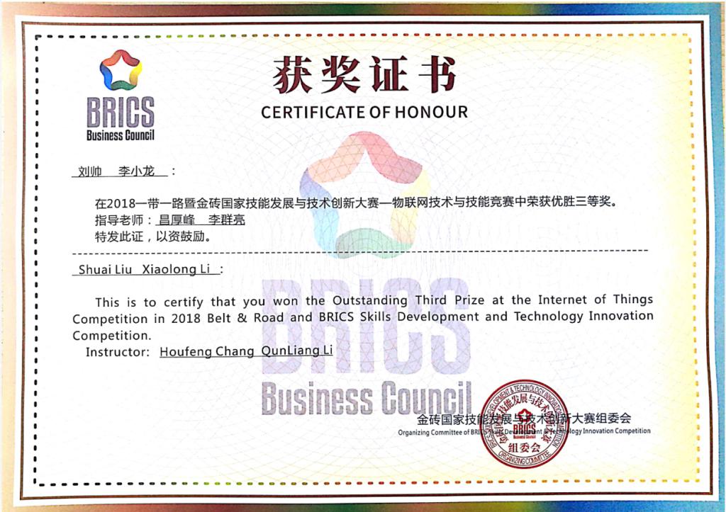 MG冰球突破官网获“一带一路”暨金砖国家技能发展与技术创新大赛“物联网技术与技能”赛项三等奖
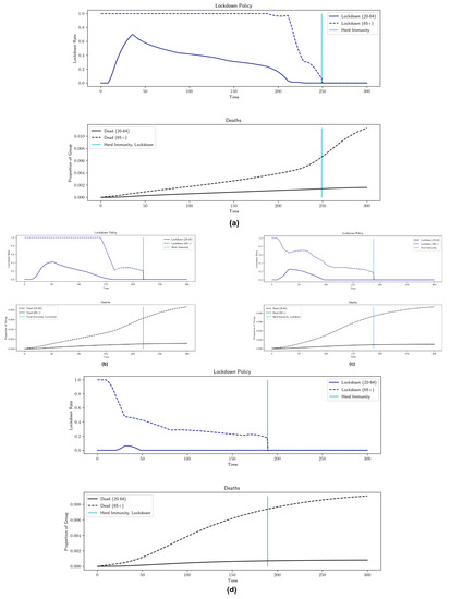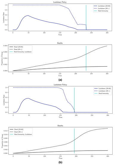If the population is less obedient and disregards lockdown measures, for example if decreases from 0.75 to 0.6, we see that the lockdown is shorter because herd immunity is reached sooner. This decreases output loss, but leads to more deaths. If the population is more obedient, however, for example if , the effect of a given level of lockdown is larger with respect to the same level of output loss, so lockdowns are less intense, but last longer. The arrival of herd immunity is slower, leading to higher output loss, but the strategy has the benefit of lower mortality. This is because the same level of output is lost for a given lockdown rate, regardless of , and so, higher obedience levels result in a lockdown being more “worth” the output loss; therefore, the algorithm allows a slightly higher output loss in order to achieve much lower mortality rates. This implies that if a lockdown is enacted, for maximum efficiency, it should be correctly incentivized in order to achieve high obedience.
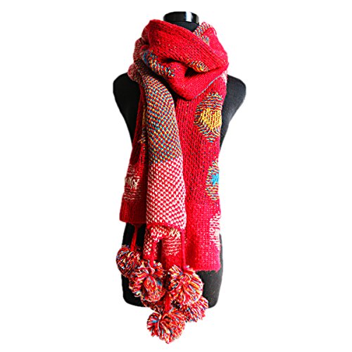 Butterme Sciarpa lavorata a maglia delle donne inverno caldo sciarpa Halstuch puntino variopinto Pois a maglia Boemia sciarpa del tubo estraibile bolle 200 x 36cm-6 colori (Rosso)
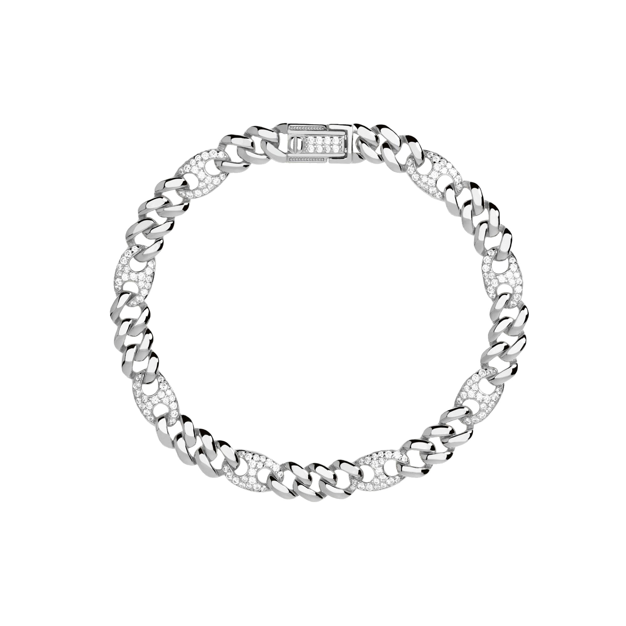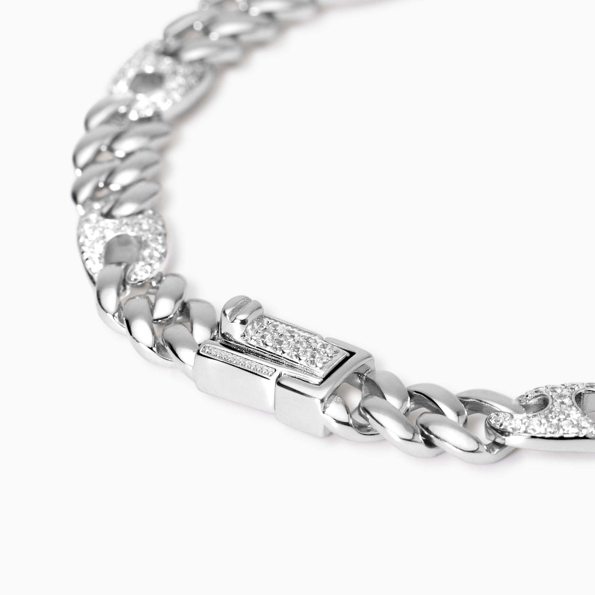 Bracciale Mabina della collezione Privilegio realizzato in argento con catena groumette, maglie marine e zirconi.
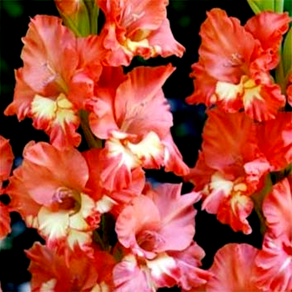 Gladiolus is a genus of perennial flowering plants that grow from corms (bulb-like underground storage organs) and are beloved for their tall, dramatic flower spikes. These striking plants produce sword-shaped leaves and towering stems that can reach 2-5 feet in height, topped with multiple funnel-shaped flowers arranged in dense, vertical clusters called racemes.
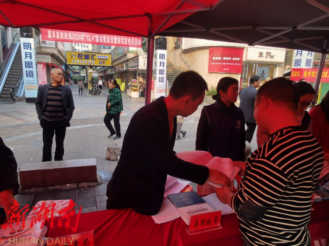 为深入贯彻落实党的二十大和二十届三中全会精神,更好践行习近平法治思想。12月4日,嘉禾县财政局组织干部职工前往步行街,开展2024年“12.4”国家宪法日暨法治宣传月活动,弘扬法治精神,维护宪法权威。
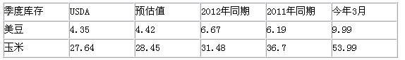 USDA季度库存报告:(亿蒲式耳)
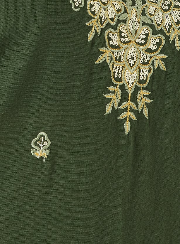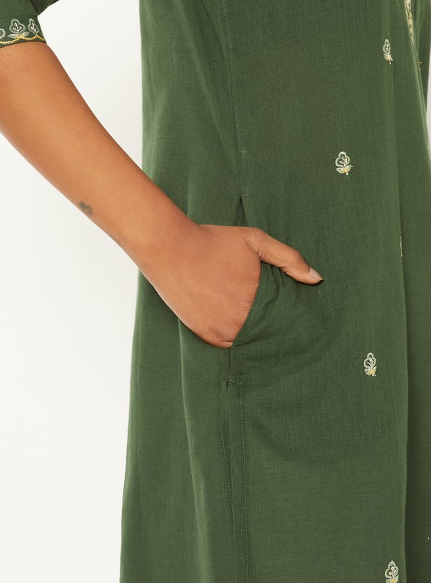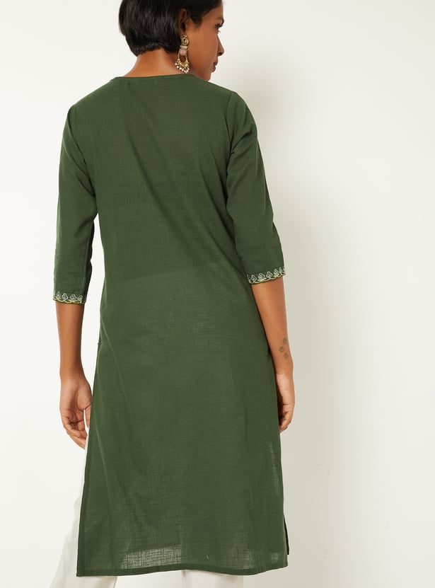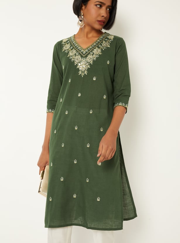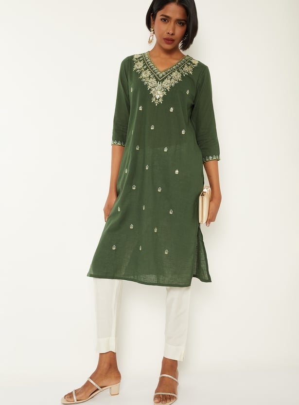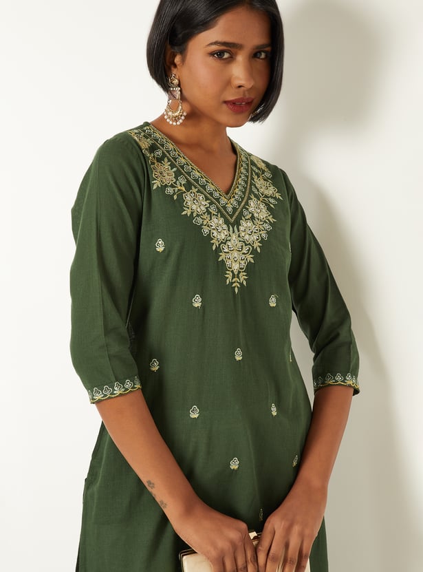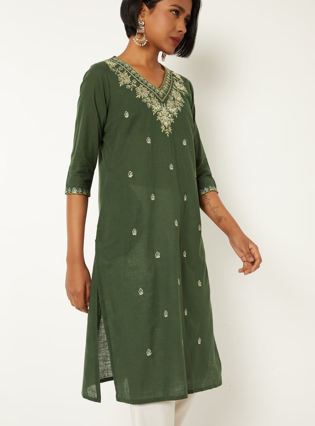 Elevate everyday elegance with this embroidered straight kurta, featuring a V‑neck, three‑quarter sleeves, a pocket, and side slits for comfort and charm.
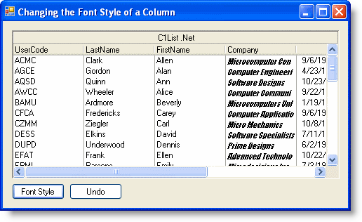 | List for WinForms Task-Based Help > Changing the Font Style of a Column |
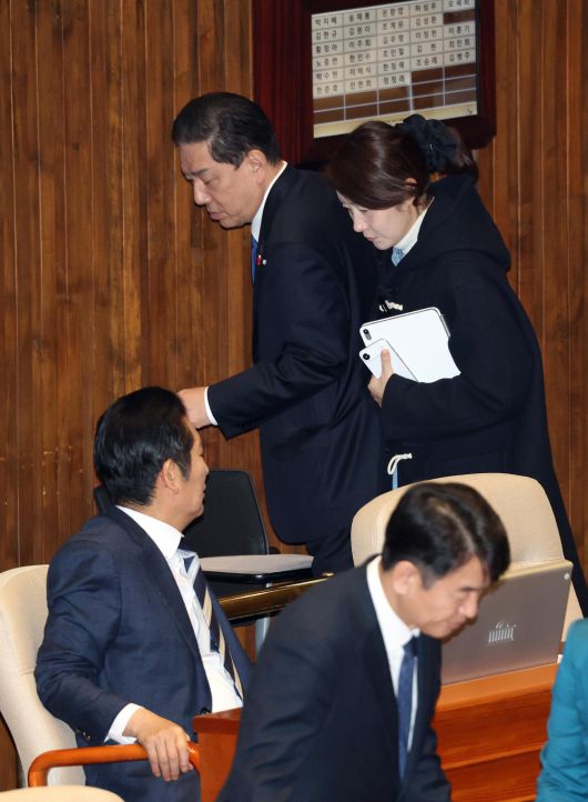 서울 여의도 국회에서 열린 제430회국회(임시회) 제2차 본회의에서 김병기 전 더불어민주당 원내대표와 강선우 의원이 대화를 나누며 발걸음을 옮기고 있다. 왼쪽 아래는 정청래 대표. 2025.12.31/뉴스1 |
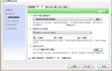 3、请根据使用向导来进行操作软件,第一步包括了内存卡驱动器盘符、相机和文件类型、目标的文件夹等;
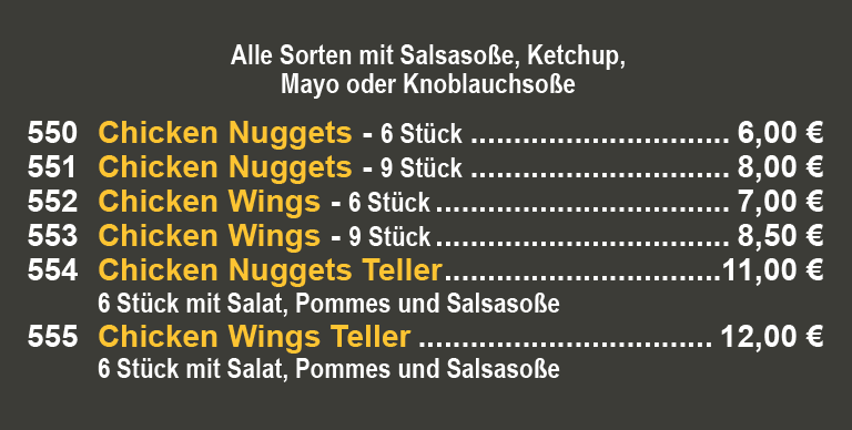 alle Sorten mit Salsasoße, Ketchup, Mayo oder Knoblauchsoße
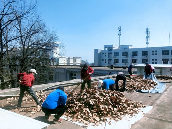 集中清理,促使楼顶环境面貌改观。3月29日至4月2日,校园管理中心合理调整作业时间,南、北校区集中全部人力,拿着提前备好的耙子、扫帚、笤帚、垃圾桶、簸箕等工具登上楼顶,对所辖楼宇楼顶杂物进行了集中清理,下水口淤泥进行了仔细疏通,水泥缝隙杂草进行了彻底清除,为广大师生营造了安全、和谐、舒适的学习工作生活环境。
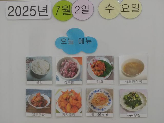 쌀밥, 잡곡밥, 배추된장국, 닭볶음탕, 감자조림, 청경채무침, 콩나물냉채, 김치

• Work item:
Without any pictures, write out the lines running from the one containing "alle Sorten mit" through the end of the listing above, both included, exactly as given.

• Task output:
 alle Sorten mit Salsasoße, Ketchup, Mayo oder Knoblauchsoße
 集中清理,促使楼顶环境面貌改观。3月29日至4月2日,校园管理中心合理调整作业时间,南、北校区集中全部人力,拿着提前备好的耙子、扫帚、笤帚、垃圾桶、簸箕等工具登上楼顶,对所辖楼宇楼顶杂物进行了集中清理,下水口淤泥进行了仔细疏通,水泥缝隙杂草进行了彻底清除,为广大师生营造了安全、和谐、舒适的学习工作生活环境。
 쌀밥, 잡곡밥, 배추된장국, 닭볶음탕, 감자조림, 청경채무침, 콩나물냉채, 김치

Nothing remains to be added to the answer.